Within the records below is a range that opens at the line with "ヒーロー風カッコイイあだ名 | 『スーパーカワモチ』『魔戒騎士カワ』 |" and closes at the line with "午後になり、お目当てのカヤッ". Return that range word for word, both ends included, and only that range.

SUPPLIED MATERIAL

==================================================

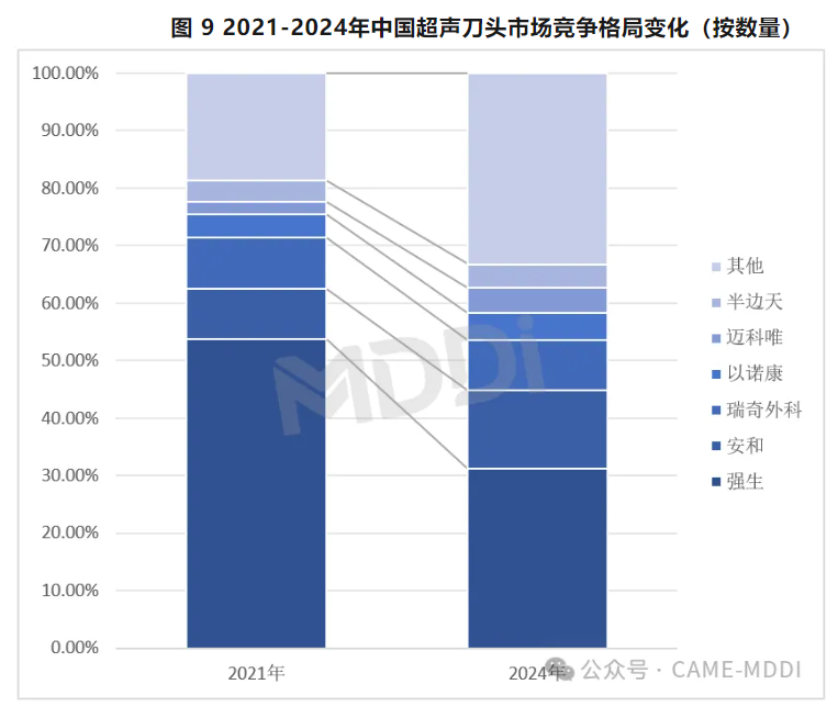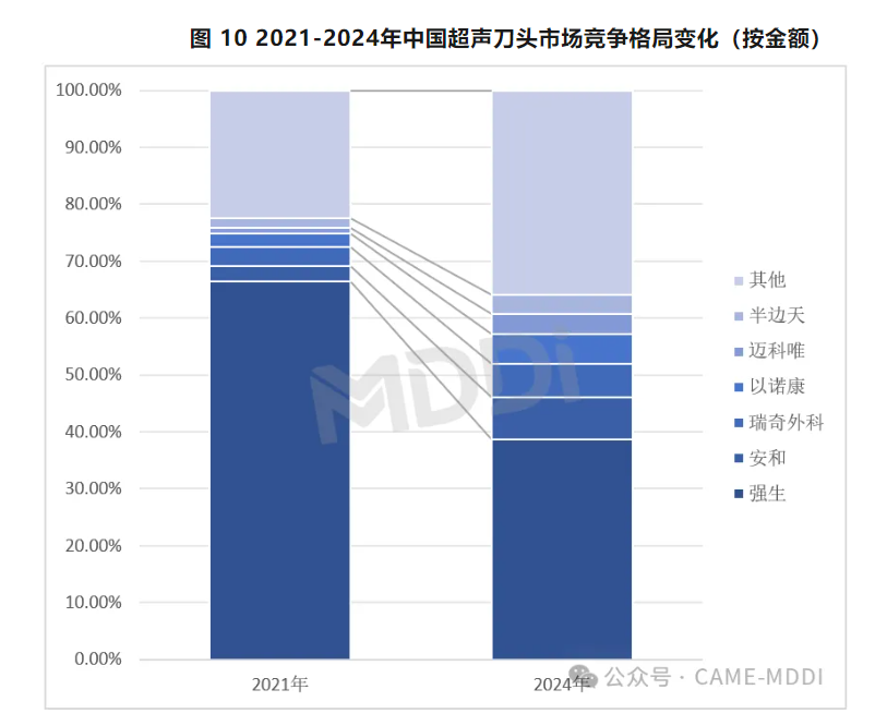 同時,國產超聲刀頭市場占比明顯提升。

==================================================

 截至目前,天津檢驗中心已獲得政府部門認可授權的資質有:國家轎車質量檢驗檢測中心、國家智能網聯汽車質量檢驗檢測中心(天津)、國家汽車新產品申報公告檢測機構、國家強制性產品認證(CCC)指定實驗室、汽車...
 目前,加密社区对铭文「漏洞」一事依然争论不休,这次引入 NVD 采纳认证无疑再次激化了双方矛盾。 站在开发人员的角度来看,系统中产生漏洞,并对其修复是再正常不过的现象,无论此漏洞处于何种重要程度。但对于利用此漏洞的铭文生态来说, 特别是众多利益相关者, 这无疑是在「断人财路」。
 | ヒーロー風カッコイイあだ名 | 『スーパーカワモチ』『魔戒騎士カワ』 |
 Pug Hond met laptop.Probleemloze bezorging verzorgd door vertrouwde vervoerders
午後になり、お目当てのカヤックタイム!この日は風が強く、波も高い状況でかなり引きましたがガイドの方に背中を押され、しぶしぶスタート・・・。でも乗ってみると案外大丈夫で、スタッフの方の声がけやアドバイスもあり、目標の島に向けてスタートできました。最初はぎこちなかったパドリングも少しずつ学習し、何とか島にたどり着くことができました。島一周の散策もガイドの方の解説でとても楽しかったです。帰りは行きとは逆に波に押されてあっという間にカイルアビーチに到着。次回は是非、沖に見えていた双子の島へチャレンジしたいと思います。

==================================================

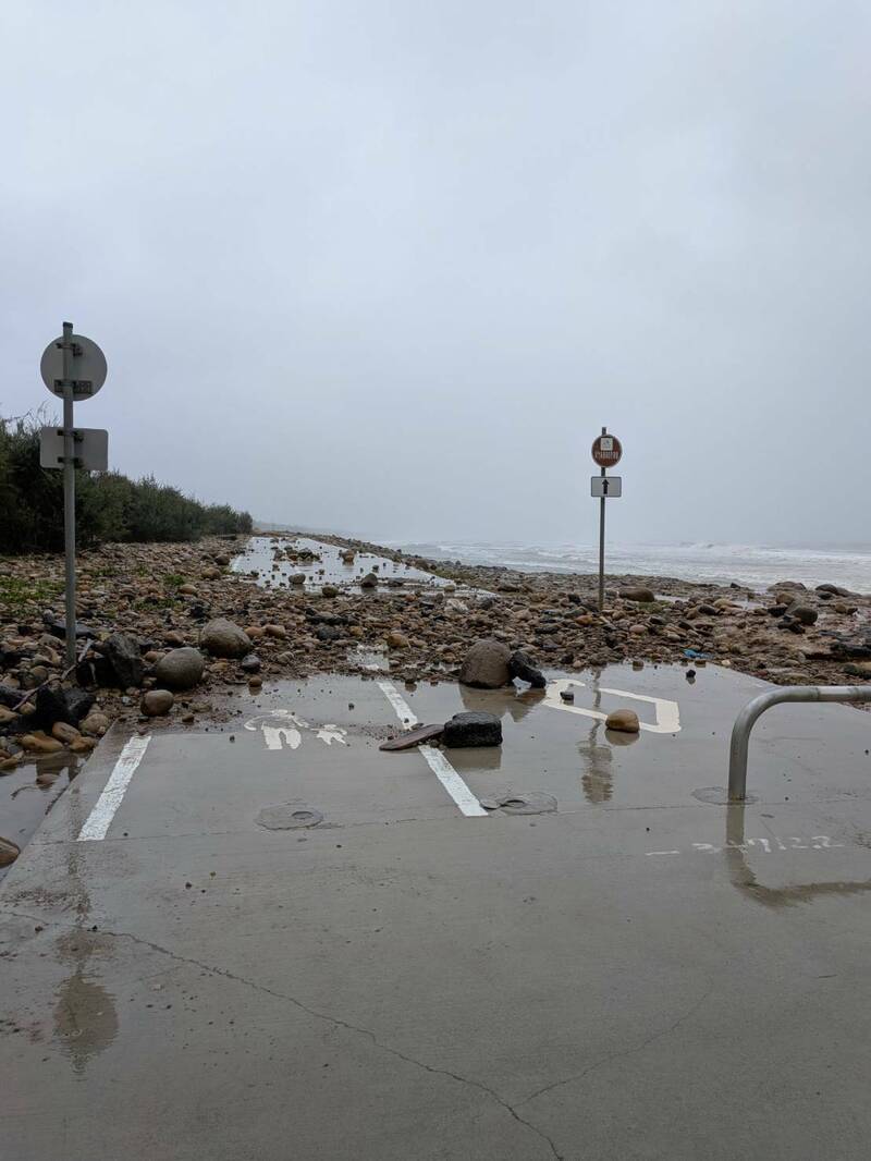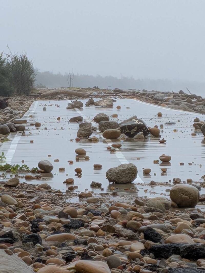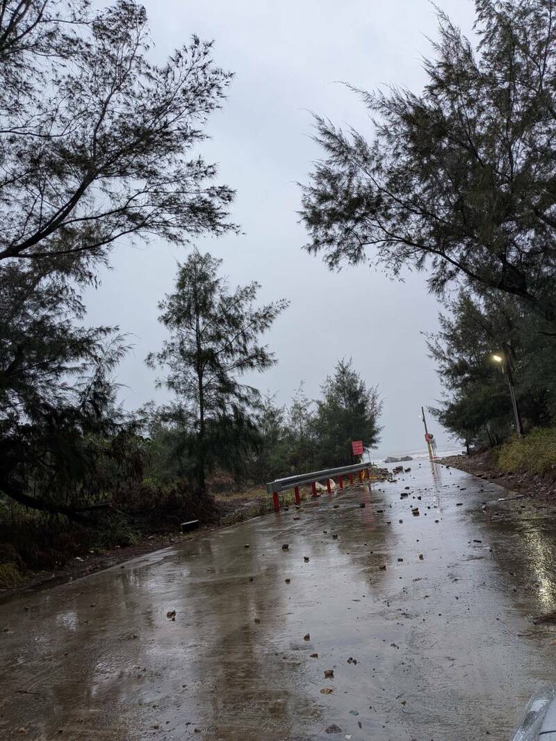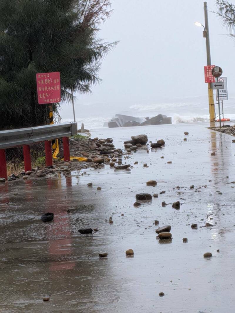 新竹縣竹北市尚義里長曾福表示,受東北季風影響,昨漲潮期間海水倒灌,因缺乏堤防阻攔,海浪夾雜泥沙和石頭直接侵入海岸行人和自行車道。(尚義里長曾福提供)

==================================================

TASK RESULT
 | ヒーロー風カッコイイあだ名 | 『スーパーカワモチ』『魔戒騎士カワ』 |
 Pug Hond met laptop.Probleemloze bezorging verzorgd door vertrouwde vervoerders
午後になり、お目当てのカヤックタイム!この日は風が強く、波も高い状況でかなり引きましたがガイドの方に背中を押され、しぶしぶスタート・・・。でも乗ってみると案外大丈夫で、スタッフの方の声がけやアドバイスもあり、目標の島に向けてスタートできました。最初はぎこちなかったパドリングも少しずつ学習し、何とか島にたどり着くことができました。島一周の散策もガイドの方の解説でとても楽しかったです。帰りは行きとは逆に波に押されてあっという間にカイルアビーチに到着。次回は是非、沖に見えていた双子の島へチャレンジしたいと思います。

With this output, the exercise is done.